The Alliance will raise awareness about the Center's findings in future reports released throughout the year, Wilber said.

The "Building A Grad Nation Report," which began in 2010, will continue as an annual progress report for the nation's graduation rate goal with an analysis of what is and is not working.

"What we are very adamant about is not producing solely just collective reports that no one wants to read," Wilber told the Daily. "We are very much an applied center and our whole purpose is to ensure that the knowledge that we believe is needed in the country [is] provided in any way we can."

According to Wilber, America's Promise Alliance aims to strengthen communities through a trusting partnership and then to synthesize the information gained through that partnership into shared knowledge.

Researchers often take advantage of vulnerable urban areas, she said, but the Alliance hopes to use their findings to directly benefit the reserach subjects.

"Hopefully the lessons that we're learning from these communities can be incredibly helpful for those thousands of communities across the country," she said.
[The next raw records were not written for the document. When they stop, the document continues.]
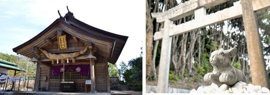 白兎神社の祭神「白兔神」とは日本神話に登場する「因幡(いなば)の白うさぎ」。大国主命と八上姫との縁をとり持った兎が縁結びの神様として祀られた由緒ある神社です。2010年に日本で初めてのラブストーリーの発祥地として、「恋人の聖地」にも認定されました。ご縁石に埋もれた兎の像が可愛い存在です。
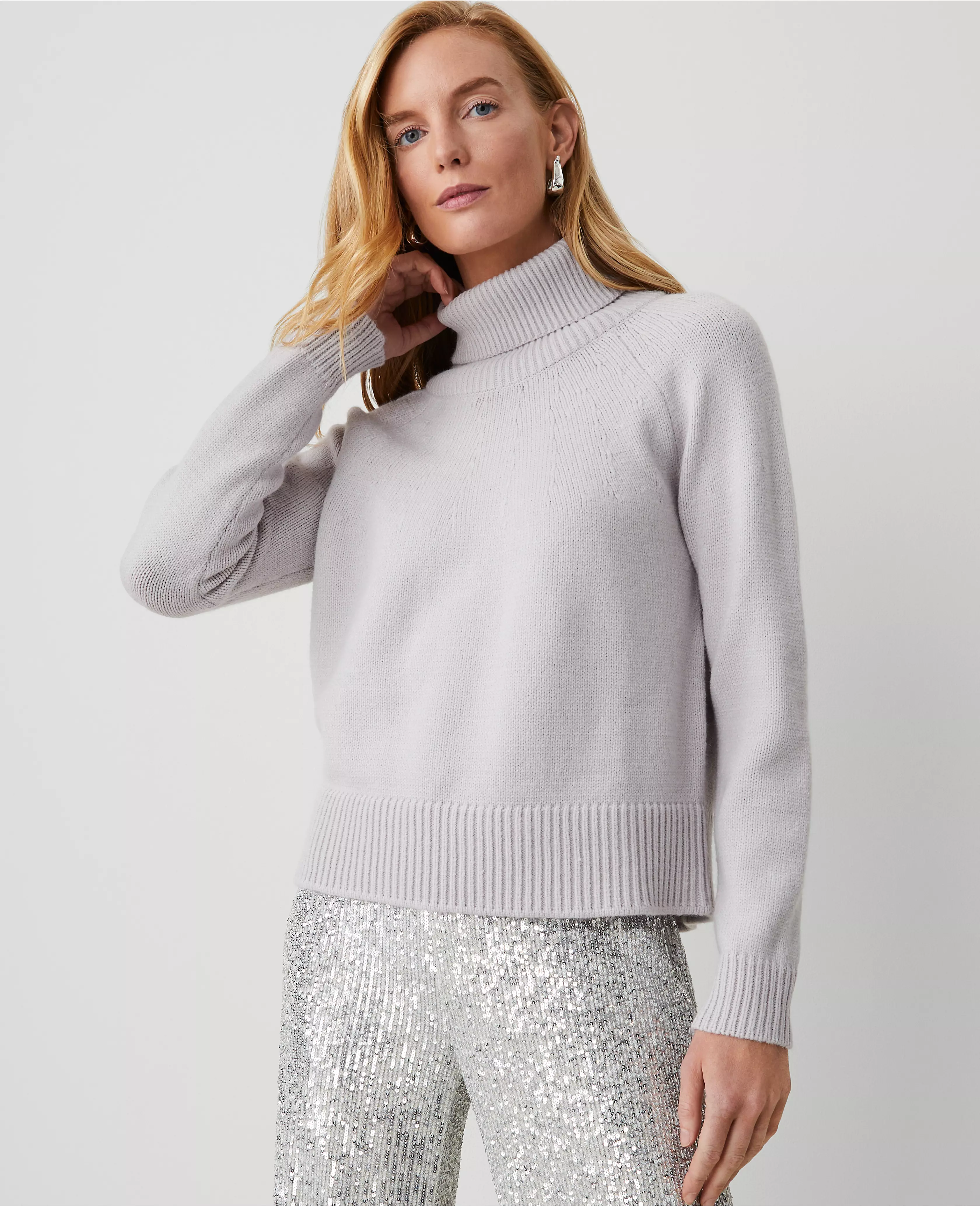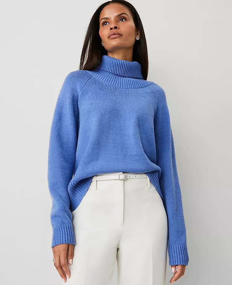 Our cozy turtleneck sweater is a covetable you'll want to live in - all season long. Turtleneck. Long raglan sleeves. Ribbed neckline, cuffs and hem.
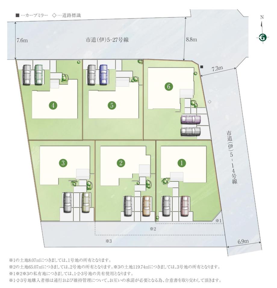 | 地目 | 宅地 | 道路付け | 道路幅:6.9m~7.3m、アスファルト舗装、7.6m~8.8m幅員アスファルト舗装 | ||
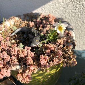 セダムの鉢に居候しています😊 こぼれ種のビオラさん🤍可愛く開花です😄💕 ワニさん🐊と一緒にパチリ📷✨
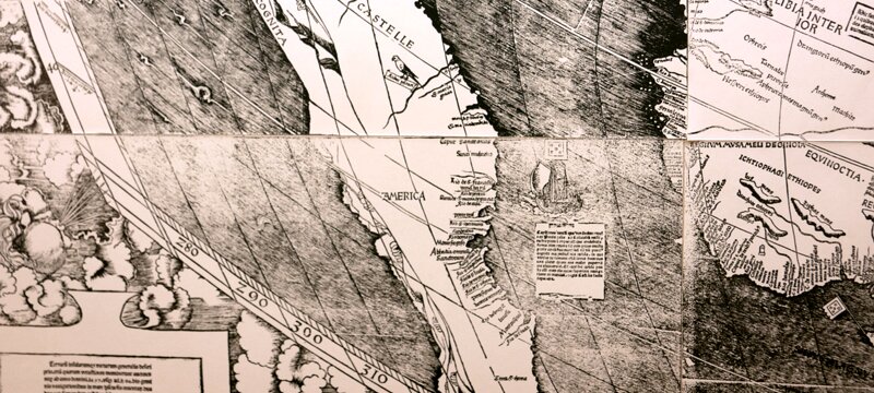 Waldseemüller's map, 1507 (fac simile), where the name America (coined in Saint-Dié) appears for the first time.
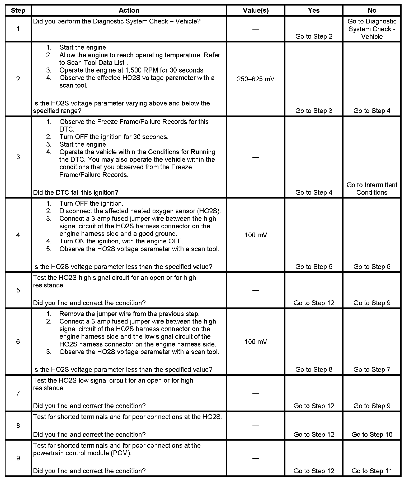 Heated oxygen sensors (HO2S) are used for fuel control and post catalyst monitoring. Each HO2S compares the oxygen content of the surrounding air with the oxygen content in the exhaust stream. The HO2S must reach operating temperature to provide an accurate voltage signal. Heating elements inside the HO2S minimize the time required for the sensors to reach operating temperature. The powertrain control module (PCM) supplies the HO2S with a reference, or bias, voltage of about 450 mV. When the engine is first started the PCM operates in open loop, ignoring the HO2S voltage signal. Once the HO2S reaches operating temperature and closed loop is achieved, the HO2S generates a voltage within a range of 0-1,000 mV that fluctuates above and below bias voltage. High HO2S voltage indicates a rich exhaust stream; low HO2S voltage indicates a lean exhaust stream. This diagnostic will only run once per ignition cycle. The PCM monitors the rich-to-lean and lean-to-rich transition time. A transition is defined as, the HO2S voltage changes from greater than 625 mV to less than 250 mV or from less than 250 mV to greater than 625 mV. If the PCM detects that the transition time is too long, DTC P0133 sets for HO2S bank 1 sensor 1, or DTC P0153 sets for HO2S bank 2 sensor 1.

Provost and Senior Vice President David Harris and President and CEO of America's Promise Alliance John Gomperts, along with Lerner and Zaff, gave words of support at the Dec. 11 launch event hosted by Dean of Arts and Sciences Lynne Pepall.

Tufts was the Alliance's first choice when considering universities interested in housing the Center, Lerner said.

"I'm really proud that Tufts is getting such great visibility as a place to think about if you're interested in positive youth development," Lerner said. "We're creating the knowledge that other people are putting into the textbooks."